I've seen plenty of good code and bad code. Truely bad code is a bunch of big-ball-of-mud files without any defined interfaces, can't be summed up in a single WTF post, and is all too common. At least the above mistake is sufficiently abstracted (in a function) that you can fix it in that one place without having to grok tens of KLOCs of other WTF.
Admin
The funny thing is that PHP has a function that does exactly this, in one quick call:
strtr($string, 'ŠŽšžŸÀÁÂÃÄÅÇÈÉÊËÌÍÎÏÑÒÓÔÕÖØÙÚÛÜÝàáâãäåçèéêëìíîïñòóôõöøùúûüýÿ', 'SZszYAAAAAACEEEEIIIINOOOOOOUUUUYaaaaaaceeeeiiiinoooooouuuuyy')
And it's usually misused and abused there too. ("Hey, these characters look similar, they must be the same!") I'm willing to bet whoever originally wrote replaceDiacritics (which mostly aren't diacritics) used that exact example above to do it.
That is the winning link of the week, hands down.
Admin
Nobody's commented on how slow this is going to be. You end up making umpteen loops through the string, one for each call of the Replace() function. If you're going to do something as stupid as this, you could at least do it efficiently (one loop through the string, a simple range check on the character, and then search through a lookup table).
Admin
2) "I think he also forgot to replace £,€,¥, etc. with $."
---
Evidently you are both americans.
1) The war was unjustified, pointless and whatnot, Chiraq was right, Blair and Bush were wrong
2) Unless it also includes the maths to convert the numbers that would be stupid, as £1 is not $1 its more like $1.80 cos your currency is pretty weak at this moment in time.
Admin
As usual, God needs to get a sense of humor.

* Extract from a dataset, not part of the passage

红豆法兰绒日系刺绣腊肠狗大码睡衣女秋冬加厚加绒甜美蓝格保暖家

Why don't you just go and smite yourself.
Admin
Oh I dunno, there was that law about not coveting your neighbour's ass. That was quite funny - it would be if you saw my neighbour - oy vey.
Admin
I have no idea why they wanted this replaceDiacritcs function, but I can think of a plausible one: When I create web pages about photos of friends, I want to include their name in the URL, but URLs are restricted to plain US-ASCII, so a hypothetical Zoë László would have her photos in zoe-laszlo.html.

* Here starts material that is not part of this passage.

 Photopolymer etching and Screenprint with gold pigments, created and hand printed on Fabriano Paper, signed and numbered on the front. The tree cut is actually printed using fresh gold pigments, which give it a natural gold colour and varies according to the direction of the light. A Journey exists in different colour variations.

Python, Perl and PHP have easy string-map functions (for single-byte character data, at any rate); I don’t think dot-Net does.
Admin
Hope this function will help your 26-chars limited brains to understand the world a bit better :)
Admin
Why phnk, whatever are you
Admin
Long story…
Admin
I've written a function similar to this myself. My reason: sorting. I needed a way to tell a rather naive system that Õhm comes between Oglethorpe and Oldman, and the easiest way to do this was to create sort keys without diacriticals (or punctuation, or capitalization). The sort keys were used solely internally, not displayed to the user.
So if you're laughing at the supposed American insularity of this code, I can't join you until I know what it was used for. There are legitimate reasons to want to strip diacriticals from a string.
I can, however, laugh at it for taking about 40 lines of code to do it.
Admin
biggest wtf here is returning the object sent by reference.
Admin
@Raymond Lewallen
Why is that a wtf? I think I speak for all of us when I say we've learned the importance of doing things at least twice.
Admin
I can think of at least one good reason to do things like this: Imagine somethng like an intranet phone book in an international firm. Nobody wants to vgrep-cut-and-paste the german 'ö' from some dubious charset software just because the DARN thing is missing on the swedish-layout keybord and there is no other way to get the desired phone numer.
That does not mean that the 'ö' is not going to display in the intranet page, but the application is much more usable when it displays some "could be" matches.
Despite the lengthy and maybe naive implemetation I can't see a WTF here.
Admin
Why do peeps keep saying this? Why would you assume that passing parameters by reference automatically means that you don't want to be able to use chaining?
Or am I misunderstanding VB here? (Having managed to stay clear of it so far)
Admin
Except it can't handle multi-character replacements such as æ->ae.
The code in the article is easier to maintain, less error-prone and can handle special cases such as æ, so you fail.